WORK REQUEST: In the listing below, find the line containing "The Everett Round" and the line containing "- ブロック塀の解体:ハンマ", then copy exactly everything from the first through the second, except the pictures.

SOURCE MATERIAL:

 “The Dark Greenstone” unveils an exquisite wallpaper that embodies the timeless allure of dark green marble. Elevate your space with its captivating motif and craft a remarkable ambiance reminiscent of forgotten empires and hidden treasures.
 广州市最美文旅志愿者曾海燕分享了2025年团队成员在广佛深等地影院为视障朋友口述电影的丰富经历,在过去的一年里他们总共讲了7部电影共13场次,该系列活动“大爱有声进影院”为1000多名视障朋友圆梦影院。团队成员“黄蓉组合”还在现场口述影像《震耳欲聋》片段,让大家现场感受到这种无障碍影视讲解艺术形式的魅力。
...
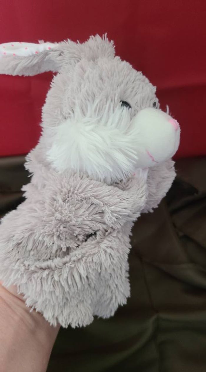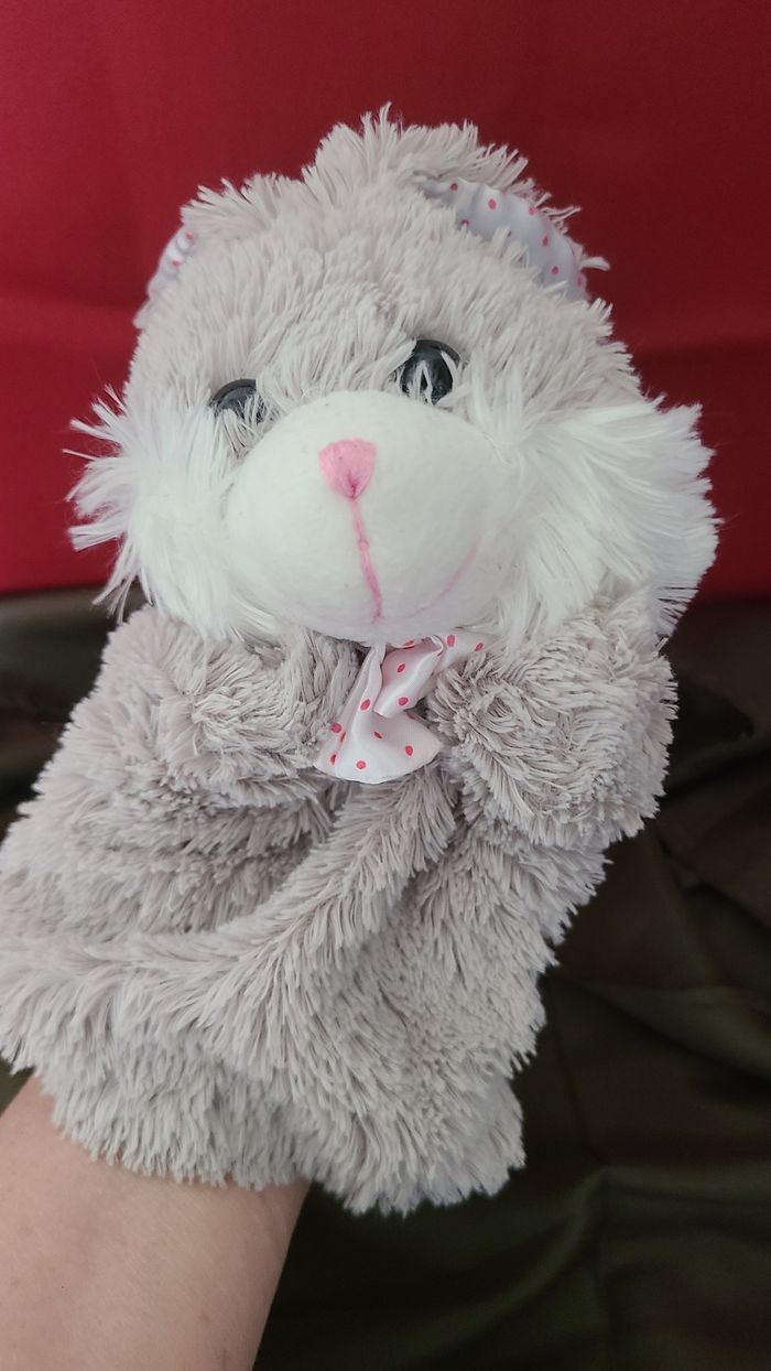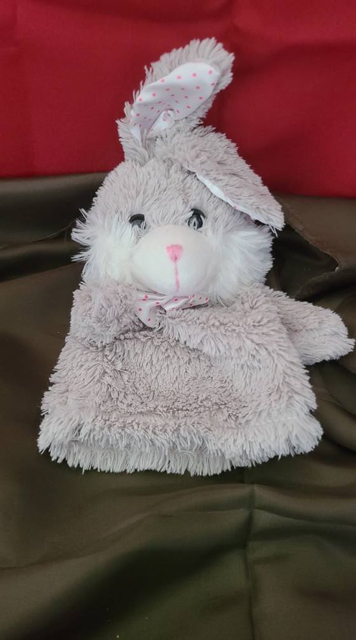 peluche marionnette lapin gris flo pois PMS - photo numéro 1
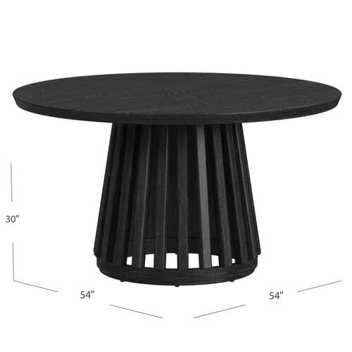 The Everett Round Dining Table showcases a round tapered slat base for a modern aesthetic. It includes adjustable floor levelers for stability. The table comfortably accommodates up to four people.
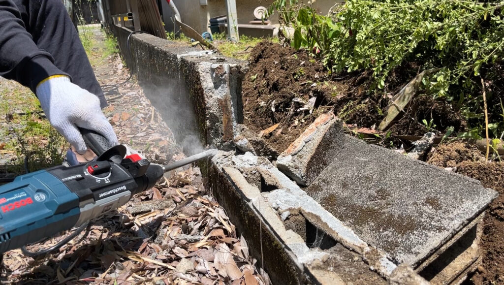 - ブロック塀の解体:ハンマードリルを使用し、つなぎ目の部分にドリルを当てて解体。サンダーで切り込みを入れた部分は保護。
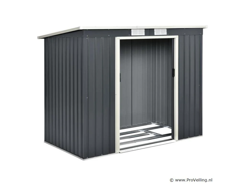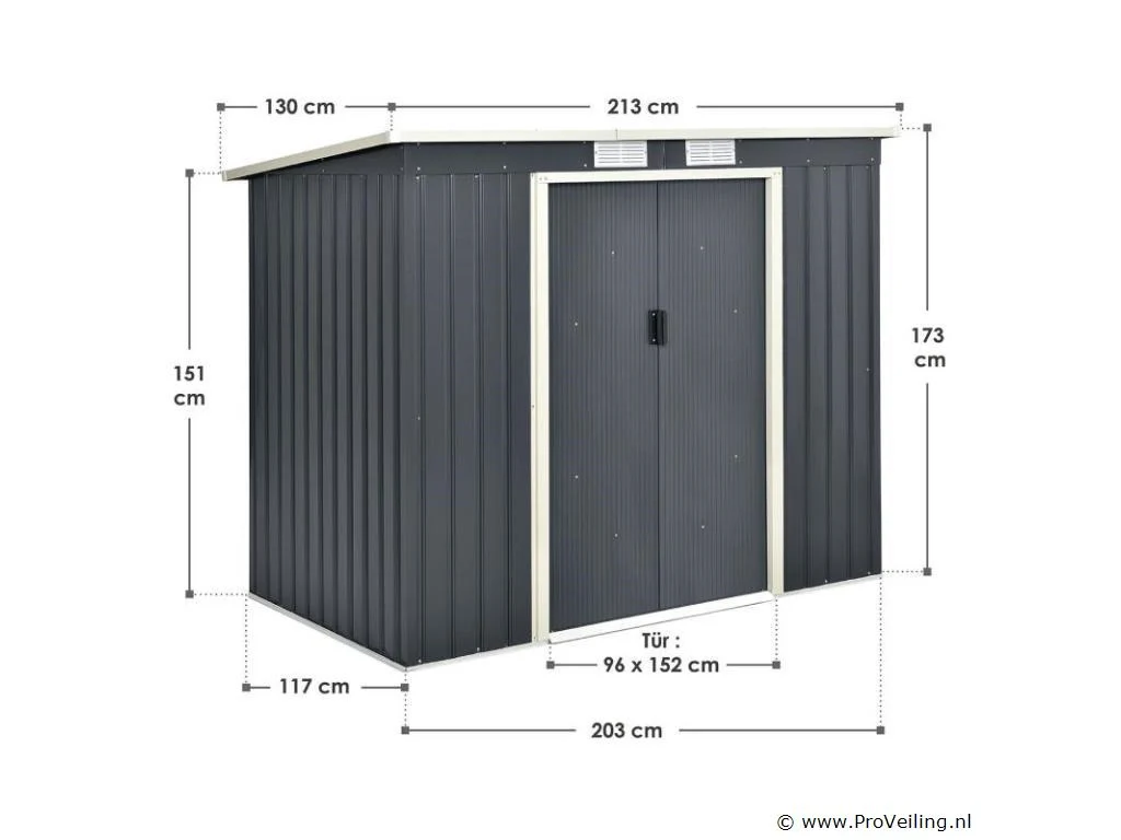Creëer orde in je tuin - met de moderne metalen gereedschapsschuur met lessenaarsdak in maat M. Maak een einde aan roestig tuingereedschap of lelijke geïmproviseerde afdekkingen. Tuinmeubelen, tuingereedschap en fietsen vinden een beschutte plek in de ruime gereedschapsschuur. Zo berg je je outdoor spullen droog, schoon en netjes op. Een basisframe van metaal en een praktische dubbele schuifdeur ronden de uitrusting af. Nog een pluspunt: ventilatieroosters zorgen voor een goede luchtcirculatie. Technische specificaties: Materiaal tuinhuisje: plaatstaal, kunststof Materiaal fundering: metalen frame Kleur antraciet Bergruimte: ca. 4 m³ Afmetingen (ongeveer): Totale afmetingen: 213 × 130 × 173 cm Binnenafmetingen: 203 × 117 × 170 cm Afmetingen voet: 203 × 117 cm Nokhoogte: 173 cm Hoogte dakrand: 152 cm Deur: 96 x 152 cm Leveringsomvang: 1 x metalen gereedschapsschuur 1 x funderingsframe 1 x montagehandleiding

COMPLETED TASK:
 The Everett Round Dining Table showcases a round tapered slat base for a modern aesthetic. It includes adjustable floor levelers for stability. The table comfortably accommodates up to four people.
 - ブロック塀の解体:ハンマードリルを使用し、つなぎ目の部分にドリルを当てて解体。サンダーで切り込みを入れた部分は保護。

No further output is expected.